При оценке соци­аль­ной функ­ции системы госу­дар­ствен­ного нало­го­об­ло­же­ния важно ясно осо­зна­вать, что сам факт оплаты чле­нами обще­ства уста­нов­лен­ных нало­гов и сбо­ров по сво­ему зна­че­нию рав­но­си­лен покупке обя­за­тель­ного полиса соци­аль­ного стра­хо­ва­ния. Поэтому в слу­чае непра­во­мер­ного поку­ше­ния на их соб­ствен­ность, утраты тру­до­спо­соб­но­сти и иму­ще­ства в связи со сти­хий­ными бед­стви­ями, несчаст­ными слу­ча­ями и тому подоб­ными явле­ни­ями они вправе рас­счи­ты­вать на ока­за­ние помощи со сто­роны соци­аль­ной кон­струк­ции, назы­ва­е­мой госу­дар­ством. Вместе с тем тре­бу­ется пони­ма­ние того, что госу­дар­ство при ока­за­нии финан­со­вой и иной помощи лишь исполь­зует сред­ства членов обще­ства. При этом между всеми чле­нами обще­ства рас­пре­де­ля­ются риски потери средств (напри­мер, от неудач­ных научно-тех­ни­че­ских про­ек­тов), а также риски, свя­зан­ные с воз­мож­но­стью того, что поло­жи­тель­ные соци­аль­ные резуль­таты от исполь­зо­ва­ния ука­зан­ных средств не будут полу­чены в тече­ние жизни тех, кто напра­вил часть своих дохо­дов (в виде нало­гов) на ука­зан­ные цели.

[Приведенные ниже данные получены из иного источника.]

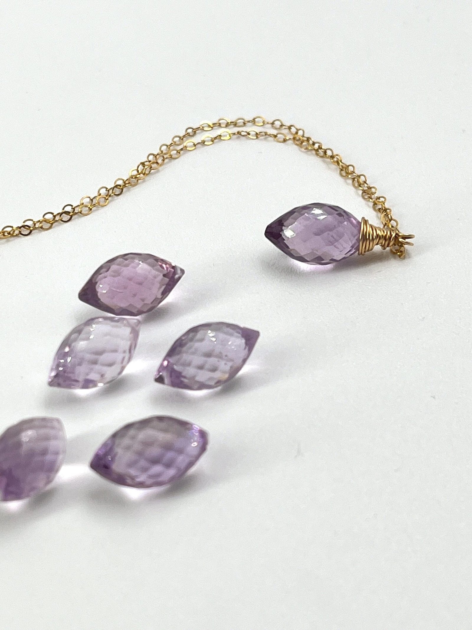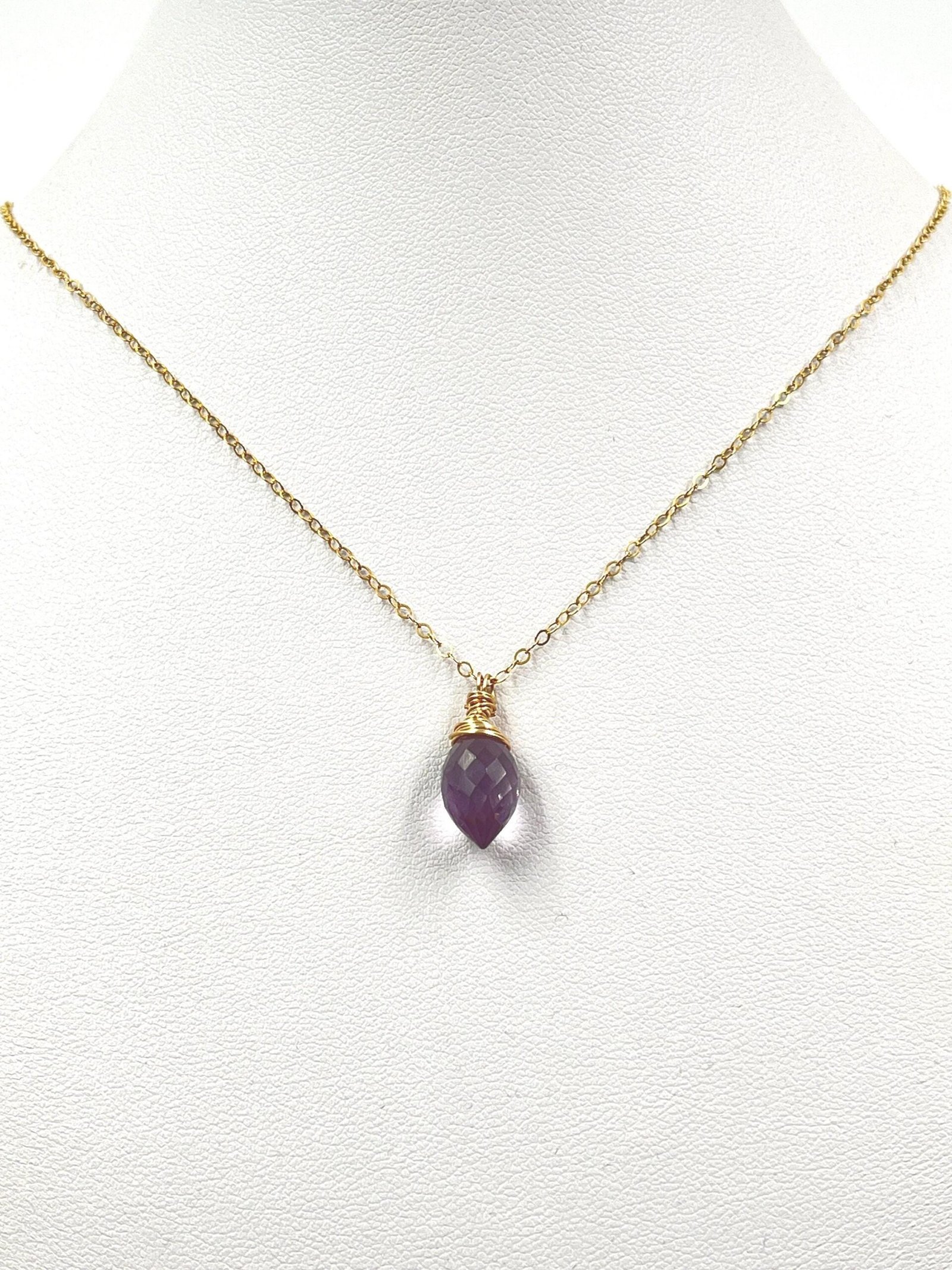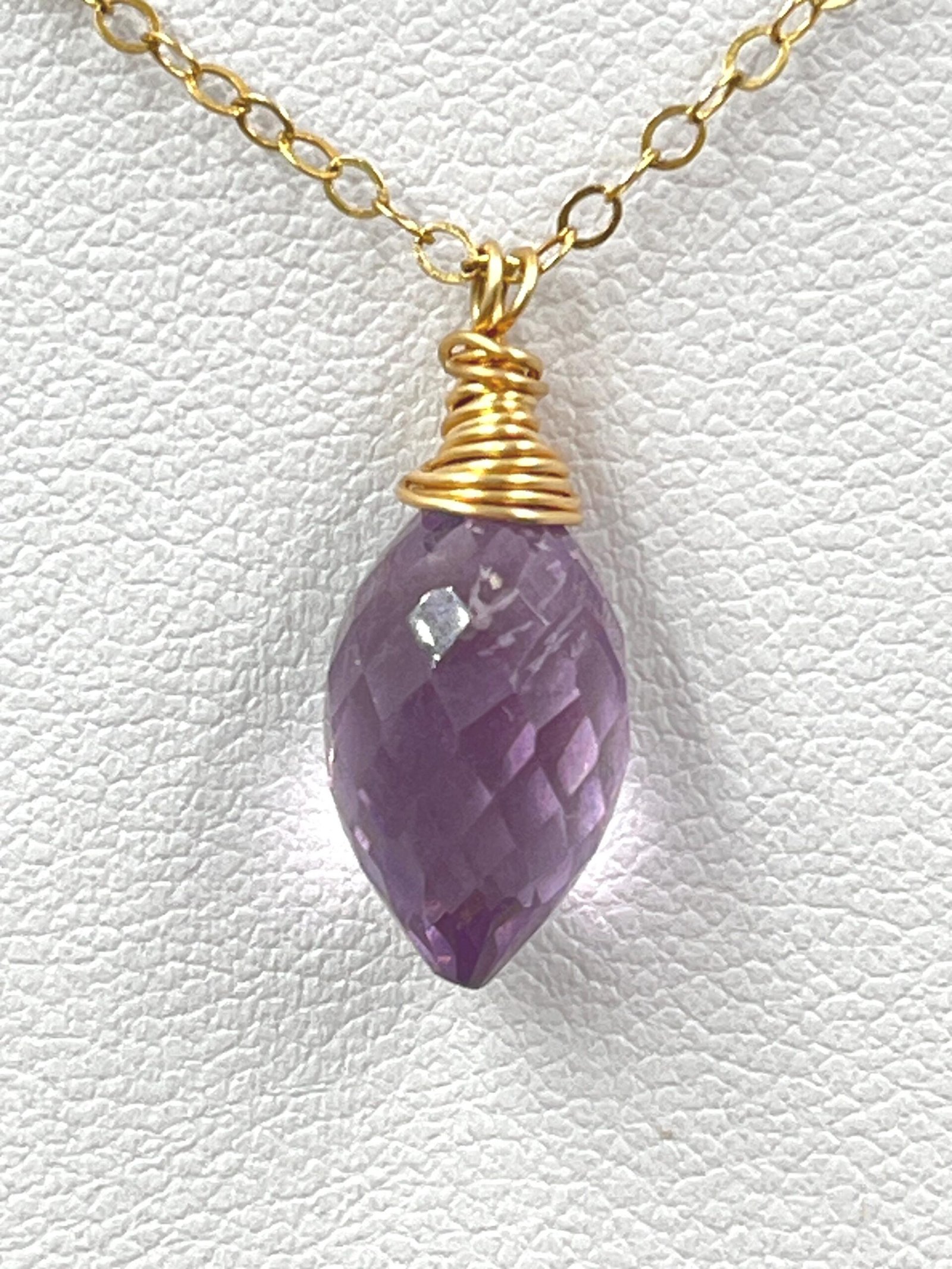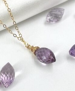 This faceted Amethyst pendant adds a soft violet glow to everyday style. Available in 14K Gold Filled or Sterling Silver, it’s a delicate minimalist piece designed for effortless wear.

Социаль­ное стра­хо­ва­ние по суще­ству озна­чает рас­пре­де­ле­ние издер­жек, обу­слов­лен­ных нали­чием соот­вет­ству­ю­щих рис­ков, а зна­чит, и выгод между зара­нее неогра­ни­чен­ным чис­лом чле­нов обще­ства, вклю­чая всех, кто может ока­заться жерт­вами непред­ви­ден­ных собы­тий, сти­хий­ных бед­ствий и дру­гих несчастий.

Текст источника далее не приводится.